Martin Kree: Es darf keinen Schnellschuss geben, diesen Auftrag haben uns die Mitglieder mit großer Mehrheit auf den Weg gegeben. Wir suchen in Ruhe den optimalen Partner, lassen uns nicht treiben. Damit steht der VfL nicht alleine da. Der Markt ist nicht groß, für keinen Zweitliga-Verein.

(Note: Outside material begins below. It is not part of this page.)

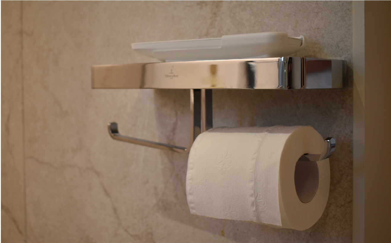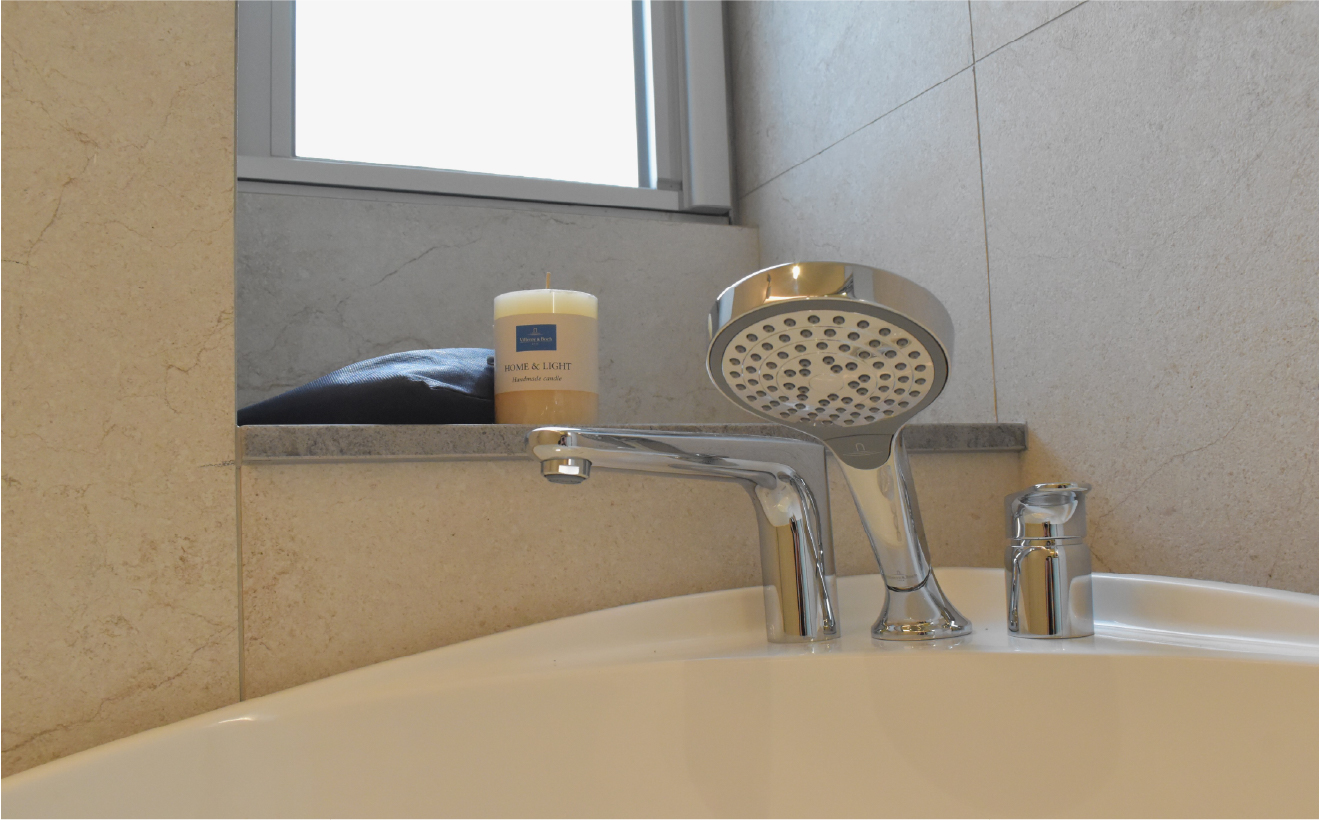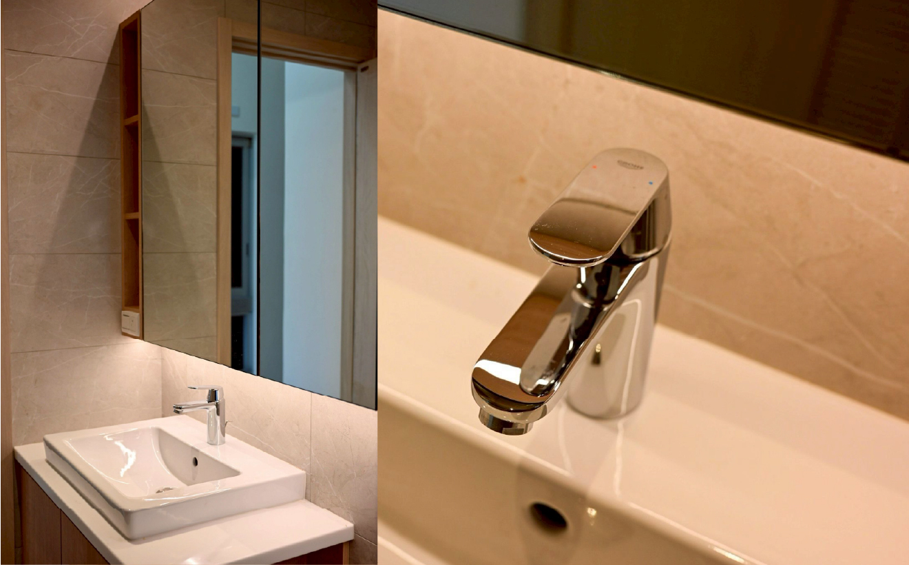 衛浴空間延續這份純粹語境,讓日常也能成為儀式。標準戶型導入 Villeroy & Boch 與 GROHE 的德國工藝,展現俐落而純淨的節奏:Subway 2.0 面盆與 Grohtherm800 定溫浴缸龍頭,將舒適融於日常;Lunea 落地馬桶結合免治設計,讓潔淨悄然成為習慣。而五樓主臥則以專屬格調回應主人品味——Glass Design mini pl01 浴缸勾勒靜謐的私密場景;Avento 面盆以輕盈簡潔呼應空間語彙;Crosswater 電腦馬桶則在科技與優雅之間,轉化出專屬的生活儀式。

Ilja Kaenzig: Wir stehen national und international absolut im Wettbewerb. Der FC Liverpool zum Beispiel war drei Jahre lang auf Welttournee und hat dann doch erst einmal den ‚Falschen‘ gefunden. Derby County sucht seit zwei Jahren. Das Thema Investorensuche ist sehr komplex, es wird oft zu vereinfacht wahrgenommen, das wird seiner Bedeutung nicht gerecht. Der VfL Bochum zählt in der Bewertung zu einem der teuersten Zweitliga-Klubs. Die Story, die Bereitschaft, das Timing, viele Faktoren müssen zu 100 Prozent passen. Wir wollen keine dubiosen Partner, es gibt eine Reihe von klaren Ausschlusskriterien. Einen Spieler kann man holen und wieder abgeben. Ein Investor aber bleibt.